» **DATASET CONTENT**:
------
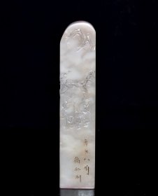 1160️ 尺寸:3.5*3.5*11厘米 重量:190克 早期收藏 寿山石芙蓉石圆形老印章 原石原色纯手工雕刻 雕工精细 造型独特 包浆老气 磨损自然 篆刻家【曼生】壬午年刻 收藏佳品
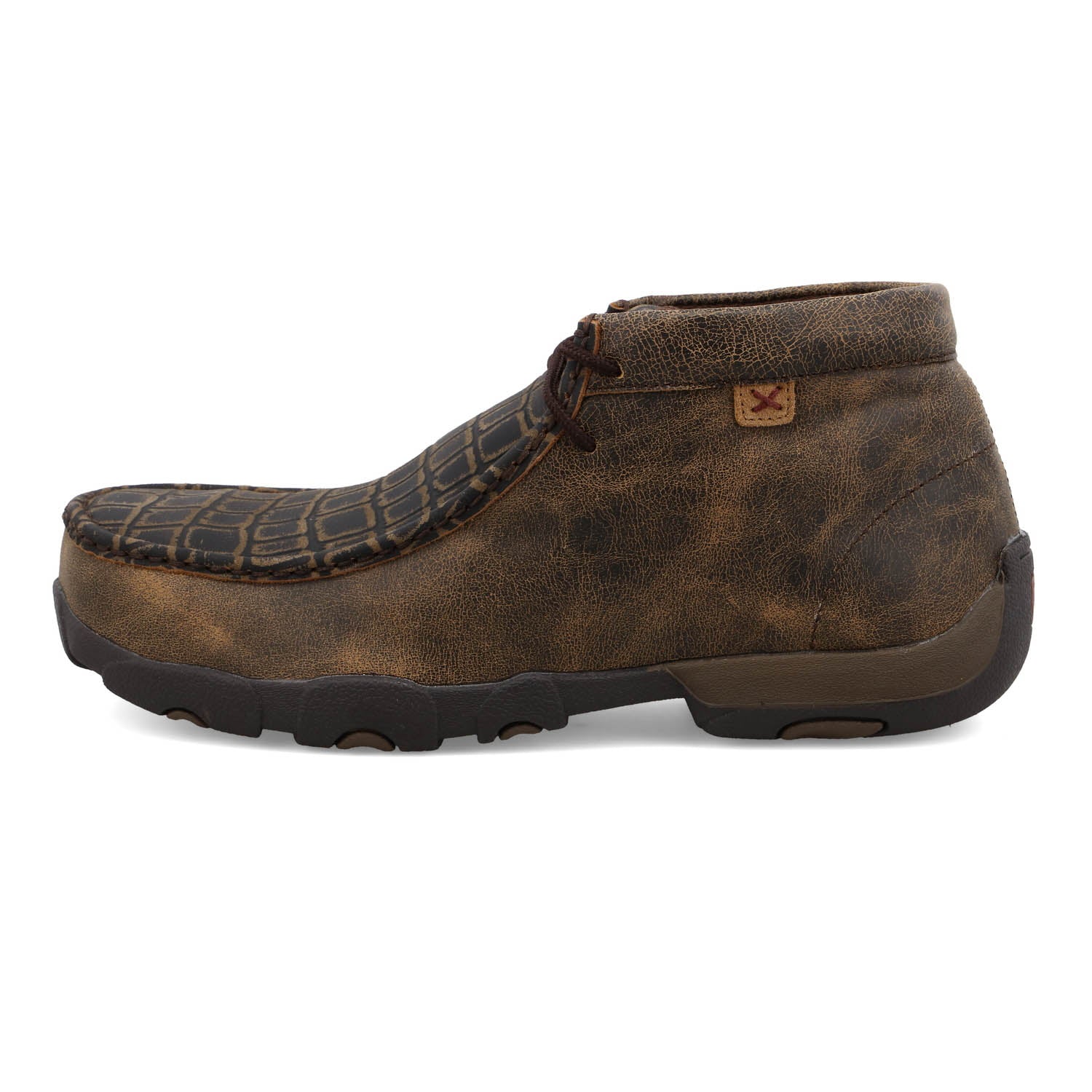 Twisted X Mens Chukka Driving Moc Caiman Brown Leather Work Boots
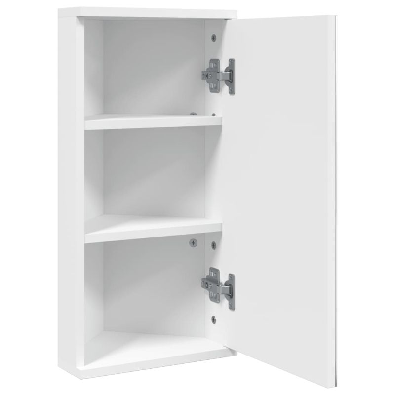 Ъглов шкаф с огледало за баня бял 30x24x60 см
------
» **TASK TO CARRY OUT**:
Everything in the data except the pictures should be restated word for word.

» **EXERCISE ANSWER**:
 1160️ 尺寸:3.5*3.5*11厘米 重量:190克 早期收藏 寿山石芙蓉石圆形老印章 原石原色纯手工雕刻 雕工精细 造型独特 包浆老气 磨损自然 篆刻家【曼生】壬午年刻 收藏佳品
 Twisted X Mens Chukka Driving Moc Caiman Brown Leather Work Boots
 Ъглов шкаф с огледало за баня бял 30x24x60 см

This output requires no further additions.